Biofilm formation on reverse osmosis membranes is initiated and dominated by Sphingomonas spp.

机构信息

Wetsus, Centre of Excellence for Sustainable Water Technology, P.O. Box 1113, 8900 CC Leeuwarden, Netherlands.

出版信息

Appl Environ Microbiol. 2010 Apr;76(8):2623-32. doi: 10.1128/AEM.01998-09. Epub 2010 Feb 26.

DOI:10.1128/AEM.01998-09
PMID:20190090
原文链接:https://pmc.ncbi.nlm.nih.gov/articles/PMC2849218/
Abstract

The initial formation and spatiotemporal development of microbial biofilm layers on surfaces of new and clean reverse osmosis (RO) membranes and feed-side spacers were monitored in situ using flow cells placed in parallel with the RO system of a full-scale water treatment plant.

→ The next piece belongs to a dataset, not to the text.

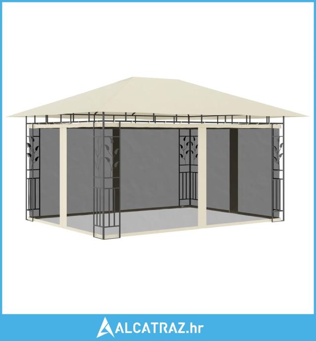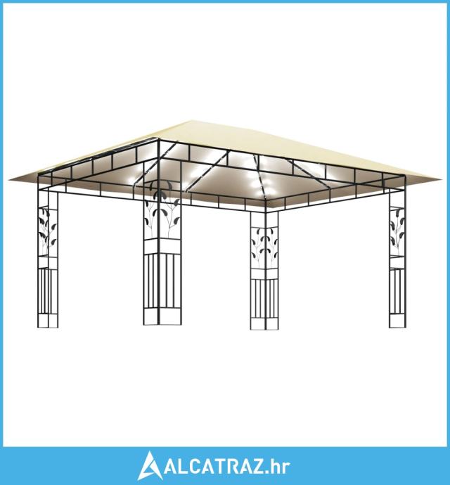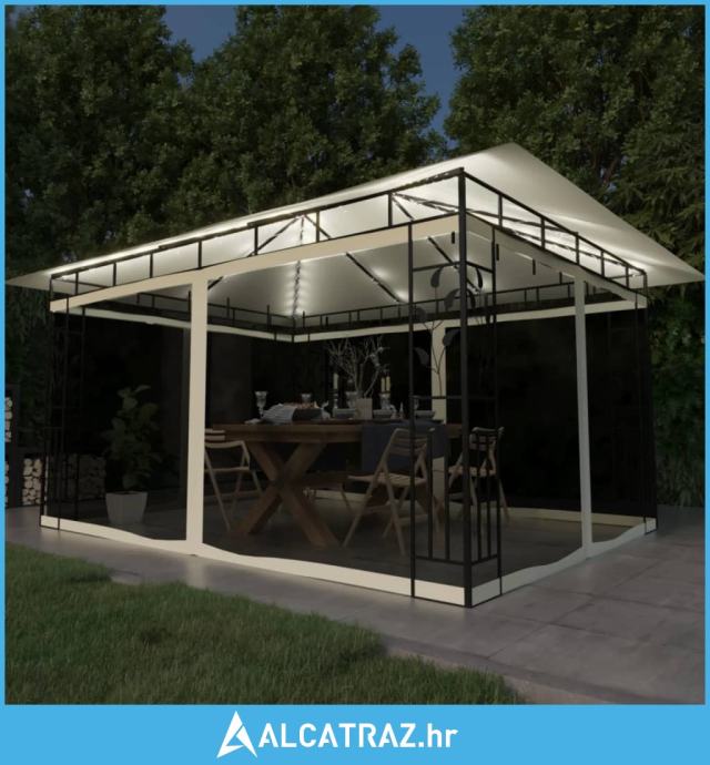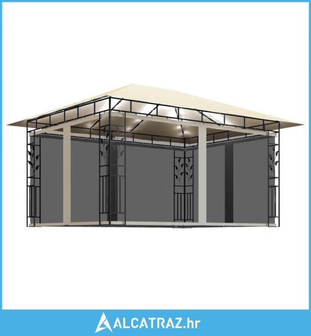Sjenica s mrežom i LED svjetlosnim trakama 4 x 3 x 2,73 m krem - NOVO

The feed water of the RO system had been treated by the sequential application of coagulation, flocculation, sand filtration, ultrafiltration, and cartridge filtration processes. The design of the flow cells permitted the production of permeate under cross-flow conditions similar to those in spiral-wound RO membrane elements of the full-scale system. Membrane autopsies were done after 4, 8, 16, and 32 days of flow-cell operation. A combination of molecular (fluorescence in situ hybridization [FISH], denaturing gradient gel electrophoresis [DGGE], and cloning) and microscopic (field emission scanning electron, epifluorescence, and confocal laser scanning microscopy) techniques was applied to analyze the abundance, composition, architecture, and three-dimensional structure of biofilm communities. The results of the study point out the unique role of Sphingomonas spp. in the initial formation and subsequent maturation of biofilms on the RO membrane and feed-side spacer surfaces.

摘要

采用与全规模水处理厂反渗透(RO)系统平行放置的流动池原位监测新的和清洁的 RO 膜和进料侧间隔物表面上微生物生物膜层的初始形成和时空发展。RO 系统的进水经过混凝、絮凝、砂滤、超滤和筒式过滤等连续处理。流动池的设计允许在与全规模系统螺旋缠绕 RO 膜元件相似的错流条件下生产渗透物。在流动池运行 4、8、16 和 32 天后进行膜尸检。应用分子(荧光原位杂交 [FISH]、变性梯度凝胶电泳 [DGGE] 和克隆)和微观(场发射扫描电子显微镜、荧光显微镜和共聚焦激光扫描显微镜)技术的组合来分析生物膜群落的丰度、组成、结构和三维结构。研究结果指出了鞘氨醇单胞菌属在 RO 膜和进料侧间隔物表面生物膜的初始形成和随后的成熟过程中的独特作用。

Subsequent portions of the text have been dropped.